Possibly one of that planet’s suns
licked it, while the others, jealous,
trying for reconfiguration,
stroked. Then some exotic, manic
current came from elsewhere.
With gravity – dreaming of turbulent,
safe, colorful gas-clouds but stuck
with ten Earthfuls of rock –
that was enough for life,
then sentience. The only natural silicon types
in the entire Local Group crawl
(they don’t see it as crawling)
between meter-high mountains
on sulfur-yellow plains.
(They perceive other colors.) Magma,
spewing weakly out then riding
a foot or two on the wind,
spatters them, tastes of nostalgia,
is the past, is the idea
of wanting. They leave bits of themselves
behind, in a kind
of hope both general and personal:
they breed with these. Their wars
are occasioned by and leave
nutritionless wastes; these are
forgotten, are forgetfulness.
Their cities are brief remembered parties.
Their stars are talkative – they’re in the middle
of a giant cluster – and their math first-rate:
without much interest,
they have deduced us
and everyone else. (Perhaps the concept
tree would attract them –
slow vertical systems! – but less than that
of salt.) They live their poetry:
epics of cumulative wandering
towards fanciful, always-provisional
goals.
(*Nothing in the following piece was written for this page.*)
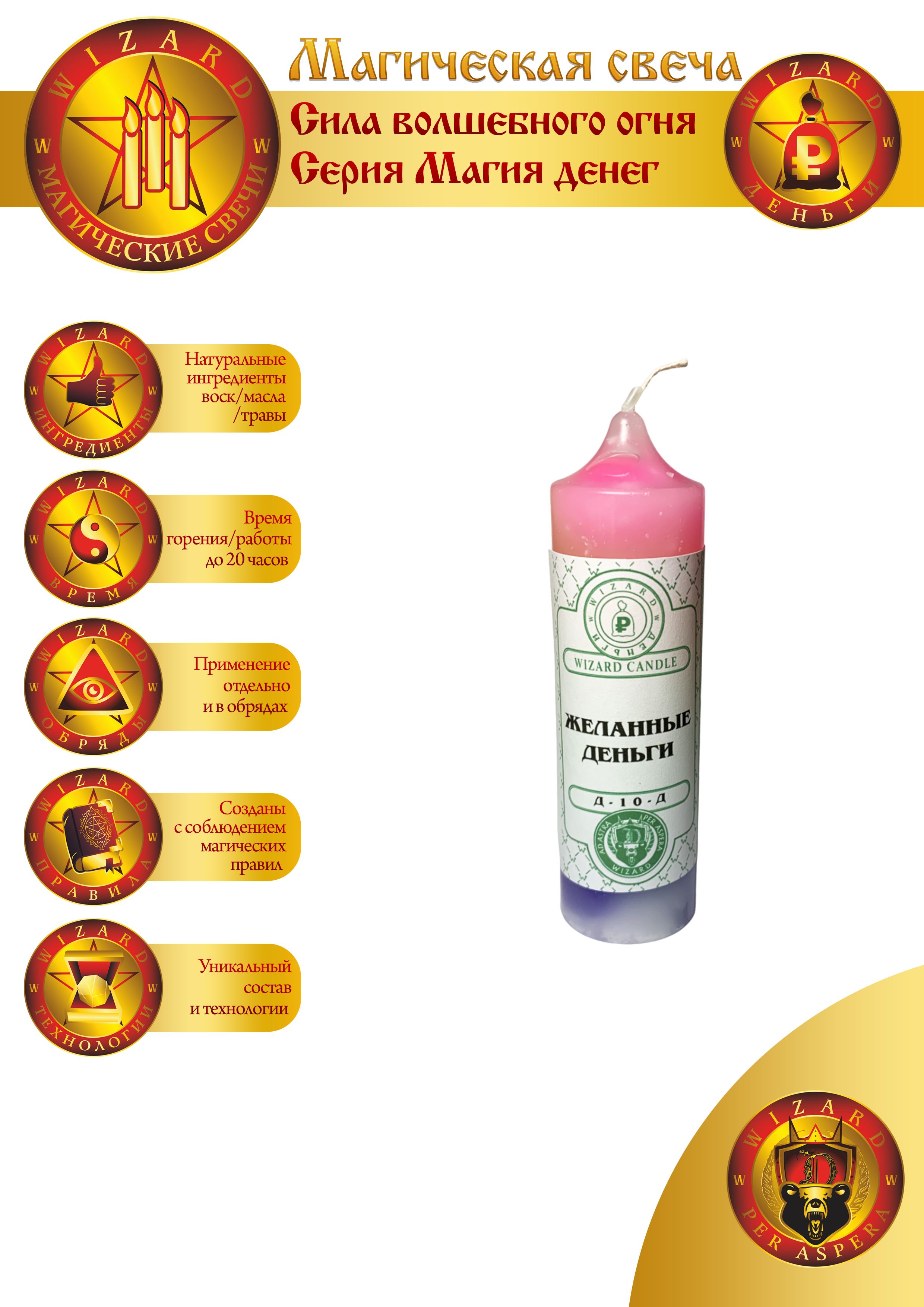 Свеча, предназначенная для быстрого привлечения требуемой суммы – как для решения какого-либо вопроса, так и просто для того, чтобы получить желаемое. Свеча может использоваться и как компонент обряда, создавая дополнительное влияние в других финансовых схемах.

Elegiac statistics
when too much gets burnt or flakes off.
They plan to survive the heat-death,
the universe.
Deny that they lack erotic appeal.

 

 

 

At Anchor

Drifting at anchor at twilight,
sometimes the exhausted sea,
sometimes the city’s few lights
our backdrop. Across the water
a meditative music without beat,
heavy on flutes, derived from nothing,
suggesting nothing, not smugly
“spiritual” but potentially annoying,
stops. I don’t know who the others are,
they don’t know who I am,
but I establish myself quickly
with a quip, short works, a judicious
quotation (from Jünger, that the smell
of the sea is so vivid
because it combines birth and death), and
a reduction, easily enough learned
if need be, of self. The major
struggle is against being distracted
by the beauty of the women,
which is not, of course, their reason
for being. We discuss how art
could happily regress
now to a kind of classicism, subtly,
hermetically distinct versions
of a few themes. Cherry blossoms.
New gods. Perhaps poets
will each adopt one,
a specific, researched one
of the dead and speak for him or her,
“as they always have anyway”
says someone, pleasing me.
For my part, I renounce
loudly my pervasive gimmick
of dialogues among the dead, making them
curious, present, combative. Then one
of the women, who I gather
took the lead in refurbishing
this yacht, tells how mirrors
embossed with beer-labels, bins of cocaine,
hideous fabrics and videos followed
their owner overboard.


 

 

 

 

[Frederick Pollack is author of two book-length narrative poems, THE ADVENTURE and HAPPINESS, both published by Story Line Press. A collection of shorter poems, A POVERTY OF WORDS, 2015 from Prolific Press. He has appeared in Hudson Review, Salmagundi, Poetry Salzburg Review, Die Gazette (Munich), The Fish Anthology (Ireland), Representations, Magma (UK), Iota (UK), Bateau, Main Street Rag, Fulcrum, etc. Online, poems have appeared in Big Bridge, Hamilton Stone Review, Blackbox/Manifold, BlazeVox, The New Hampshire  Review, Mudlark, Occupoetry, Faircloth Review, Triggerfish, etc. He’s adjunct professor in creative writing at George Washington University.]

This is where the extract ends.